Ash, Hunter and I are the products of my dad’s first marriage, and I was only a few months old when my mom walked out. Dad remarried and Reid came along when I was four. His mom, Lisa was like a ray of sunshine breaking through dark clouds, and Reid takes after her. But the problem with so much light is that it deepens the shadows. And the shadows are where I’ve always felt most comfortable.
And now Hunter’s brought another ray of fucking sunshine into our lives by marrying Maddie. Instinct tells me to retreat, hence the new apartment, but shunning the light is provingharder than I expected. When Hunter isn’t being the surly and stubborn prick I love, I catch a glint in his eyes that wasn’t there before. I want some of that. Just not from Maddie.
My fingers drum on the solid oak table as I fight the urge to pick up my phone again. I don’t know much about Lily Kendrick except how she tastes, and the way an invisible fist wrapped around my heart when she called me an asshole. But if I was looking for some of what Hunter has – and it’s a big if – Lily wouldn’t be a bad place to start.
“Aren’t you eating?” Reid asks.
I blink. Everyone else’s plates are loaded and mouths are full. When did that happen? “Sure,” I say, ladling stew onto my plate. The sooner we eat, the sooner we can leave.
“Do we need to talk about Barrett now we’re all together?” Reid asks, looking around the table.
I may not show my own emotions easily, but I am observant, and I notice Maddie tense.
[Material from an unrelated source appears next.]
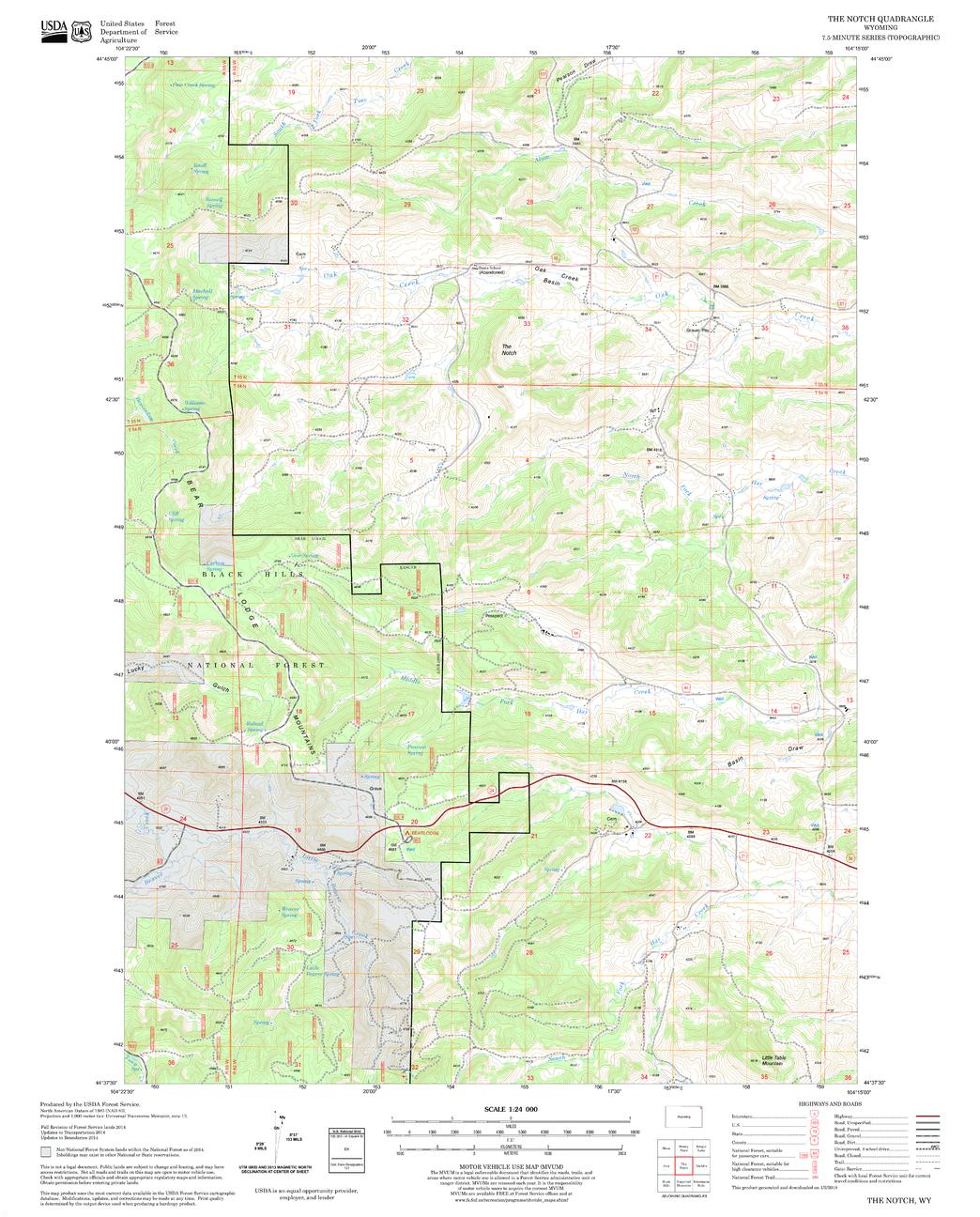 United States Department of Agriculture Forestry Service topographical map of The Notch, Black Hills National Forest, South Dakota.

Hunter’s hand slips beneath the table to rest on her leg. We’d first met Maddie on what was meant to be her wedding day, disrupting her family’s plan to marry her off to Barrett Emerson. We have plenty of enemies, but our fight with Barrett is personal. He’s the product of our mother’s second marriage, but since we’ve never considered Alice Emerson as our mom, Barrett certainly doesn’t deserve the label of brother.
Maddie dodged a bullet as far as Barrett is concerned. The heir to the Emerson empire inherited all his wealth, and his specialty is asset-stripping failing businesses and decimating small towns in the process. It’s what would have happened at Brimstage if we hadn’t intervened.
Maddie’s better off with us, and she knows it, but her route to happiness wasn’t easy. A couple of months ago, Barrett had sent one of his men to try to steal her back. I can’t wait until we come face to face with him again. And he can’t avoid us forever.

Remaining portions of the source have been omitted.